§ **Exercise material**:

▽

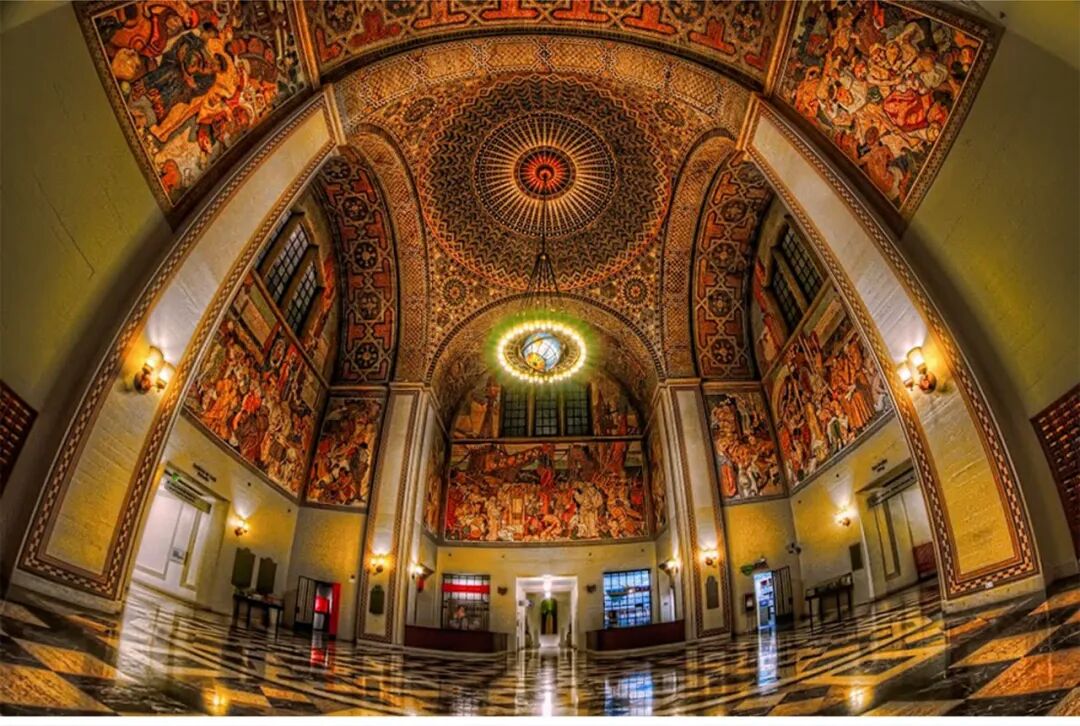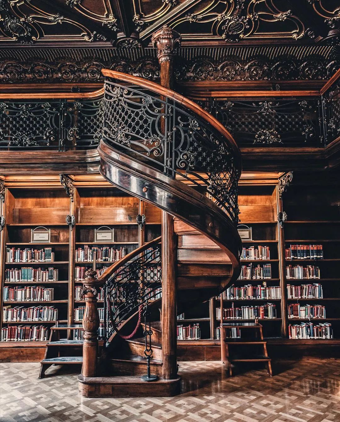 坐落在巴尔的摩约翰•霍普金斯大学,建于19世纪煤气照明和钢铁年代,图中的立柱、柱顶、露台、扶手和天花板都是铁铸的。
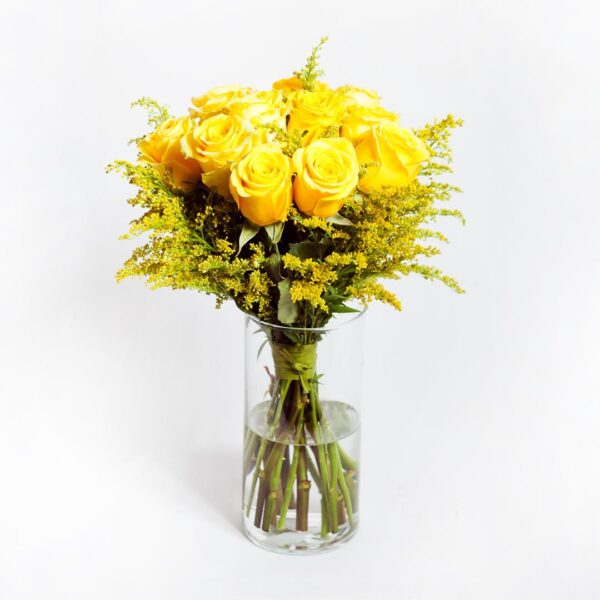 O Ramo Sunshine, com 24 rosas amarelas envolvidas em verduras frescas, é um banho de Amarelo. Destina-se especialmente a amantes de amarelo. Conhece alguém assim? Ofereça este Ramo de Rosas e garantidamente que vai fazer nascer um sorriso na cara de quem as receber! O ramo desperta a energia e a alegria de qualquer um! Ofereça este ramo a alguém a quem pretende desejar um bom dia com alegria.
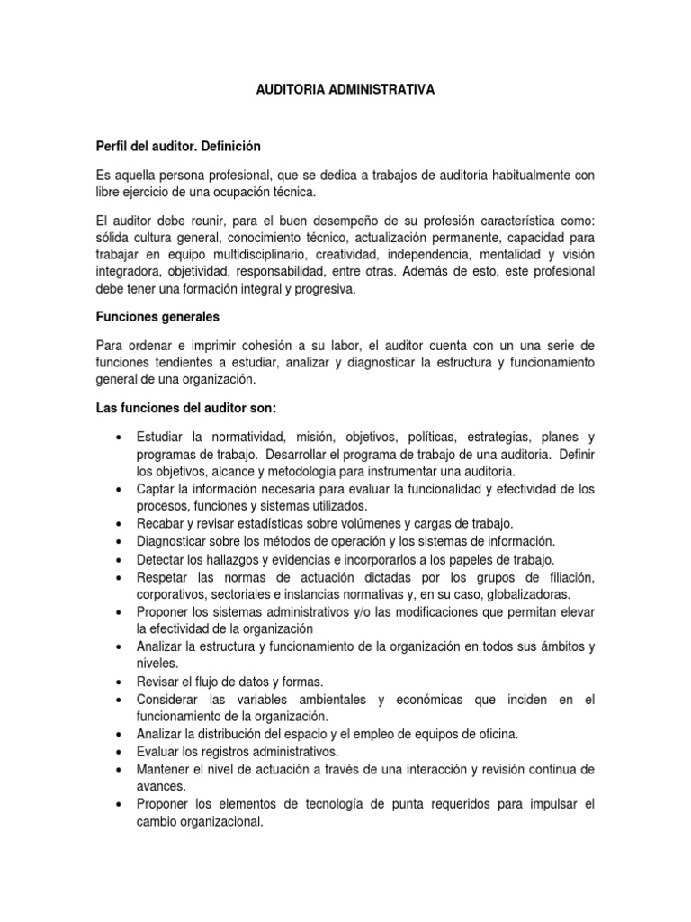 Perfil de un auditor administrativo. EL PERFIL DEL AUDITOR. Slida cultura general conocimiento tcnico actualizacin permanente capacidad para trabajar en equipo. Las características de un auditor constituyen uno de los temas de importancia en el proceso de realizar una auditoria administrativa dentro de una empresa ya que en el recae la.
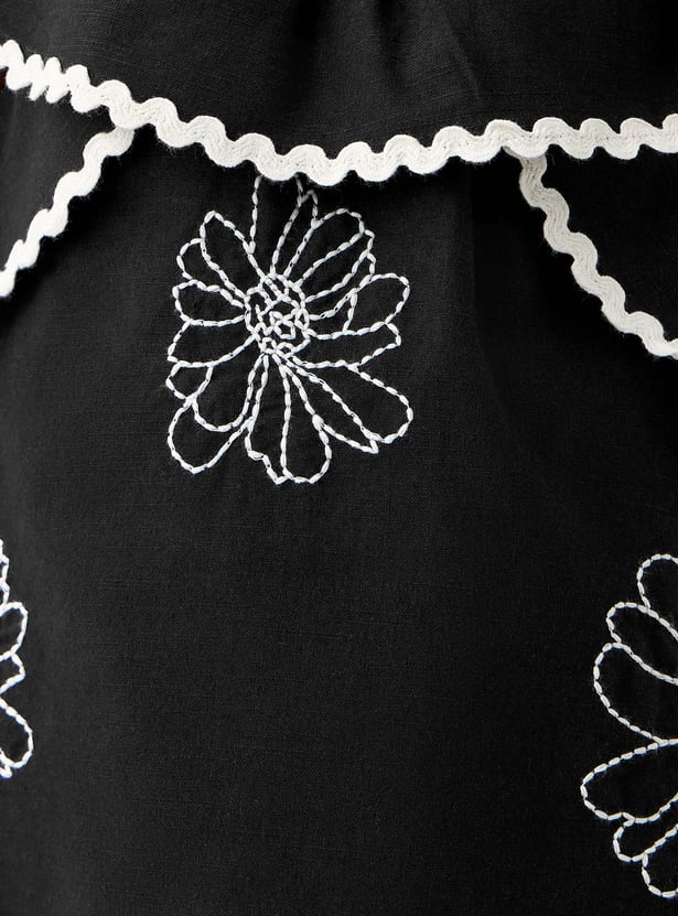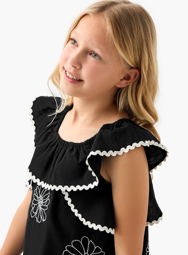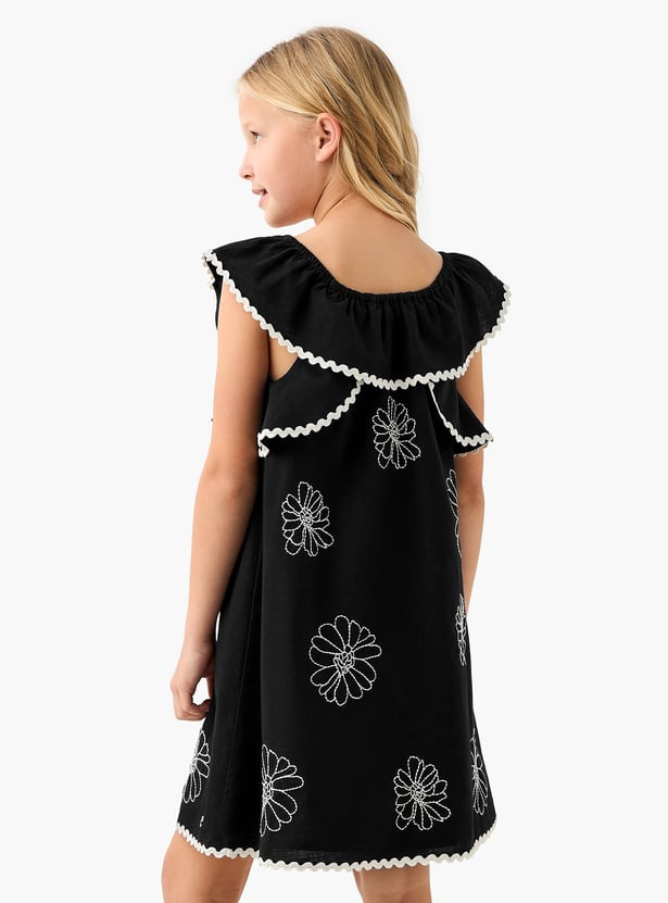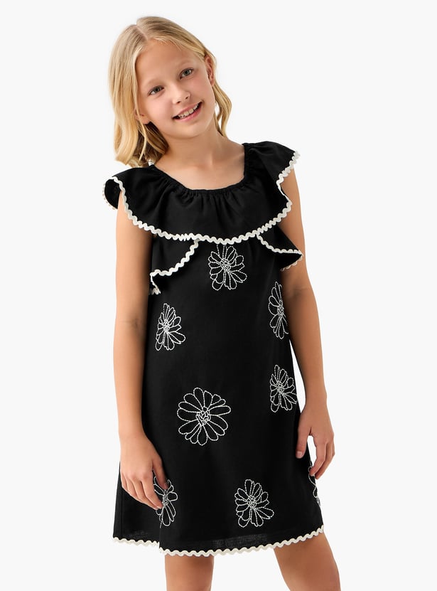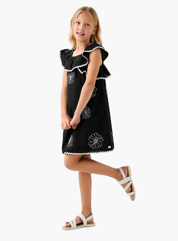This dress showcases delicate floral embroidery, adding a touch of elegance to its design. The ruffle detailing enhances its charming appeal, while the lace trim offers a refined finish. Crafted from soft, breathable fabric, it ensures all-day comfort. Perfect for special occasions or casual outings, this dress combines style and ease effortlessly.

△
▽

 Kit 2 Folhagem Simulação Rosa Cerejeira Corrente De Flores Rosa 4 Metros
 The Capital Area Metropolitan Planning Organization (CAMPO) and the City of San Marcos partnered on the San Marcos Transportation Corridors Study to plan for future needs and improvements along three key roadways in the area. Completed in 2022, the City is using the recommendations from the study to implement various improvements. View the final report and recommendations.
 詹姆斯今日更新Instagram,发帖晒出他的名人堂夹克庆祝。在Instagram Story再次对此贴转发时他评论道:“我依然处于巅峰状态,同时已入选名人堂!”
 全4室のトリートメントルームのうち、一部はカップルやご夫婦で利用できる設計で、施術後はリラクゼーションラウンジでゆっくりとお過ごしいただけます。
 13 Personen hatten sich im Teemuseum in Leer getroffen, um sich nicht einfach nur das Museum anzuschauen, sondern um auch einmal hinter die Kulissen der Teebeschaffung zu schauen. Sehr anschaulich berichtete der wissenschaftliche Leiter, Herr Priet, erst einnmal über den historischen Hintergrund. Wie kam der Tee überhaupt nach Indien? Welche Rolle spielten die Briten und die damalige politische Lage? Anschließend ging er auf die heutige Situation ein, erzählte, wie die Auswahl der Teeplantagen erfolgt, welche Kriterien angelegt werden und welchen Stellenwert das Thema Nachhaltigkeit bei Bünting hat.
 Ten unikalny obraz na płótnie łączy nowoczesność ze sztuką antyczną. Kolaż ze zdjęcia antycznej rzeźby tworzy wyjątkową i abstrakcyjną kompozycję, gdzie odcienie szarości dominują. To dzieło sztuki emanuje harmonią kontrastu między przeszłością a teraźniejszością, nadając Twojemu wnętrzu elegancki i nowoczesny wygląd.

△

§ **Problem to solve**: Would you please copy, word for word, everything above from the line containing "Kit 2 Folhagem" down to the line containing "全4室のトリートメントルーム", those two lines included?

§ **Response box**:
 Kit 2 Folhagem Simulação Rosa Cerejeira Corrente De Flores Rosa 4 Metros
 The Capital Area Metropolitan Planning Organization (CAMPO) and the City of San Marcos partnered on the San Marcos Transportation Corridors Study to plan for future needs and improvements along three key roadways in the area. Completed in 2022, the City is using the recommendations from the study to implement various improvements. View the final report and recommendations.
 詹姆斯今日更新Instagram,发帖晒出他的名人堂夹克庆祝。在Instagram Story再次对此贴转发时他评论道:“我依然处于巅峰状态,同时已入选名人堂!”
 全4室のトリートメントルームのうち、一部はカップルやご夫婦で利用できる設計で、施術後はリラクゼーションラウンジでゆっくりとお過ごしいただけます。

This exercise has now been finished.